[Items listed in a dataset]
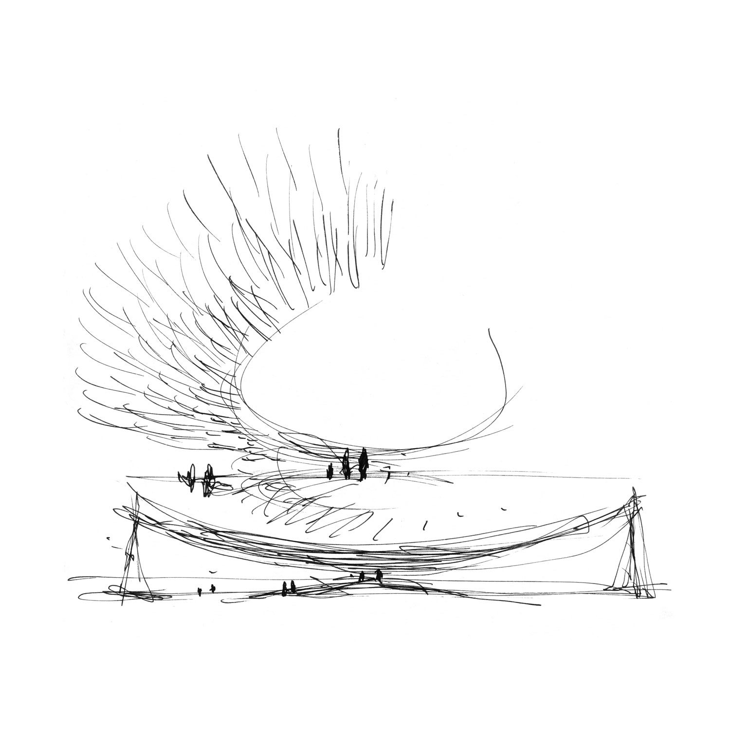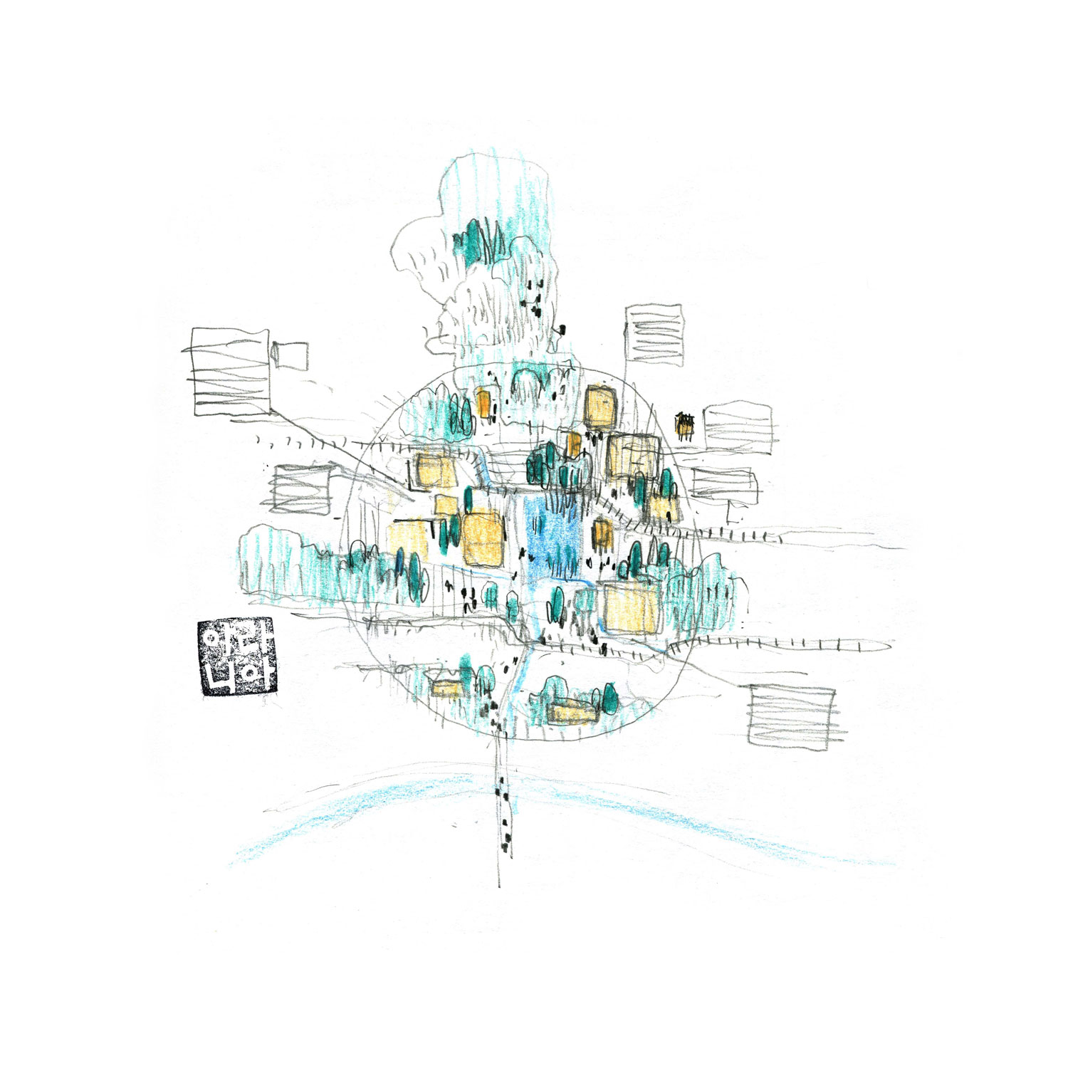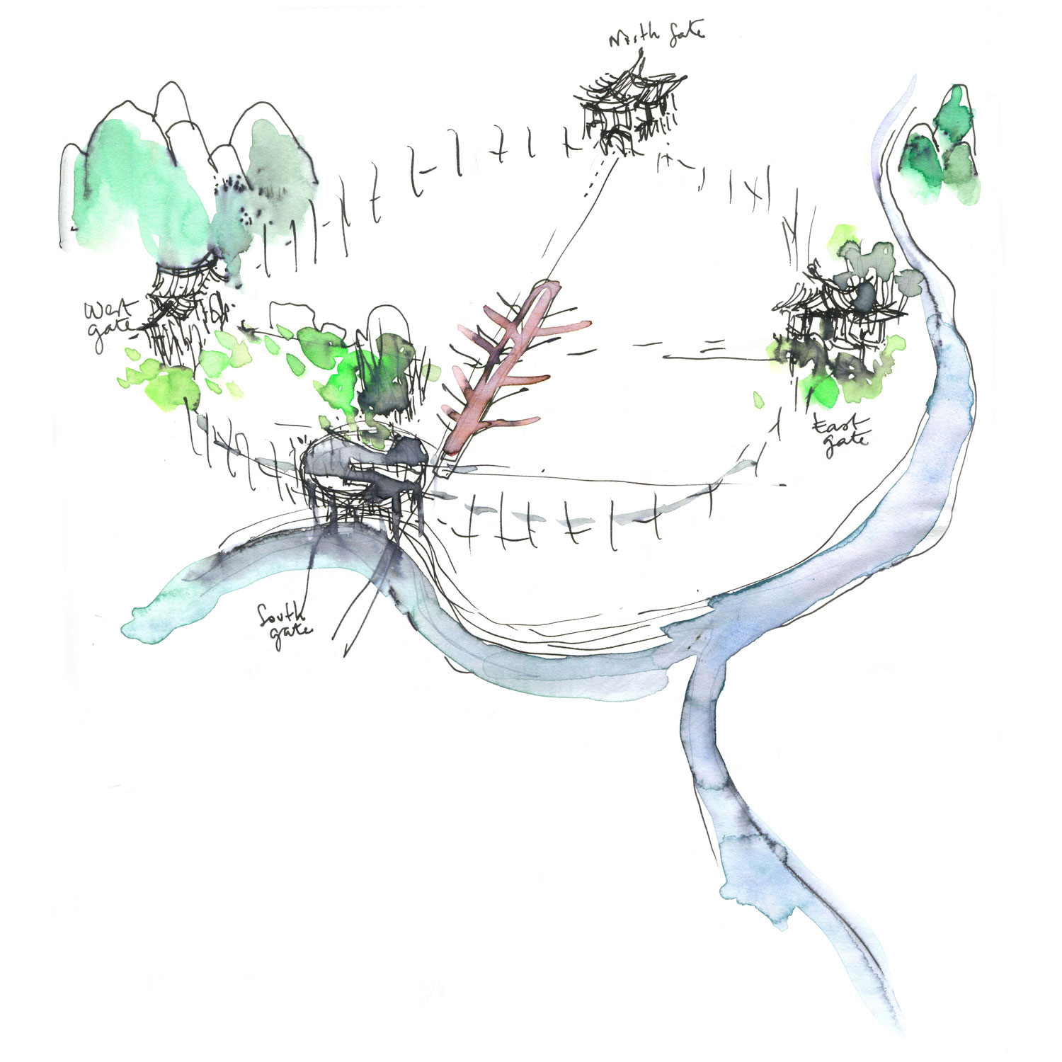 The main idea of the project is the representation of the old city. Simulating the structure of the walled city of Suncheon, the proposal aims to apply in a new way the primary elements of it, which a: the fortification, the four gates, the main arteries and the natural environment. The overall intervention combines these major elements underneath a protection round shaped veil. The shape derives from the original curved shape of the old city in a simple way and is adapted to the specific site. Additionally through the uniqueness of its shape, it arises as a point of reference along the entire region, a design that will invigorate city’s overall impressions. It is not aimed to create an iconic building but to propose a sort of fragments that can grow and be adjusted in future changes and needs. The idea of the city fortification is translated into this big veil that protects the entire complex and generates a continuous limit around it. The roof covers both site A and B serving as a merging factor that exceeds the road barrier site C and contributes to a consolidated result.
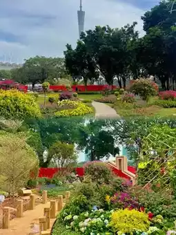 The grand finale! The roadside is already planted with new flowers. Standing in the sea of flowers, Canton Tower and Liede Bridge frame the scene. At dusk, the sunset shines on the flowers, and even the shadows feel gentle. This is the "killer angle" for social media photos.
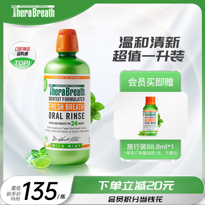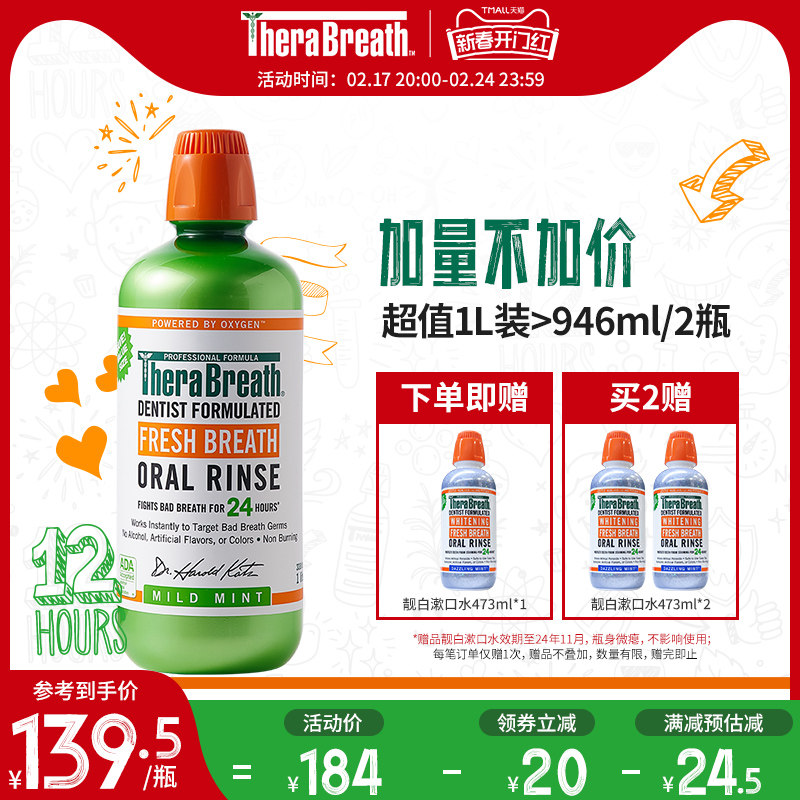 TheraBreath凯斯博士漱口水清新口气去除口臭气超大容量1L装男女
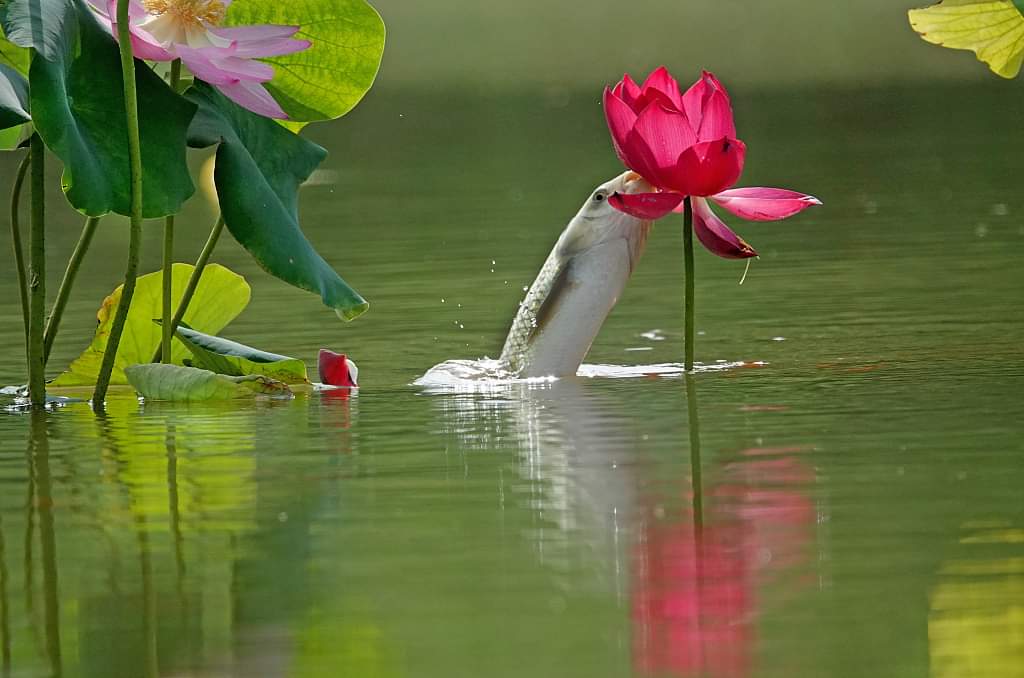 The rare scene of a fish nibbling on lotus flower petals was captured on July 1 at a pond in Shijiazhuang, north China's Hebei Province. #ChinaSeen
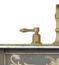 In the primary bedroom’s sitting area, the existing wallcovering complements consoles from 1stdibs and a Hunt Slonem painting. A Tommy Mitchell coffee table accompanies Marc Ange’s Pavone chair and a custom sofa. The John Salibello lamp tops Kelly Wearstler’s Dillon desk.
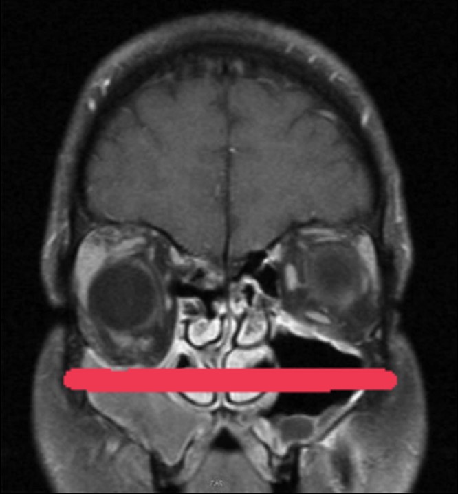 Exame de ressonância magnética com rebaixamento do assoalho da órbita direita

_Directions for this task_
Each line from the one containing "In the primary" through the last line of the data should be written out exactly. Skip the pictures, and add no other lines.

_Task result_
 In the primary bedroom’s sitting area, the existing wallcovering complements consoles from 1stdibs and a Hunt Slonem painting. A Tommy Mitchell coffee table accompanies Marc Ange’s Pavone chair and a custom sofa. The John Salibello lamp tops Kelly Wearstler’s Dillon desk.
 Exame de ressonância magnética com rebaixamento do assoalho da órbita direita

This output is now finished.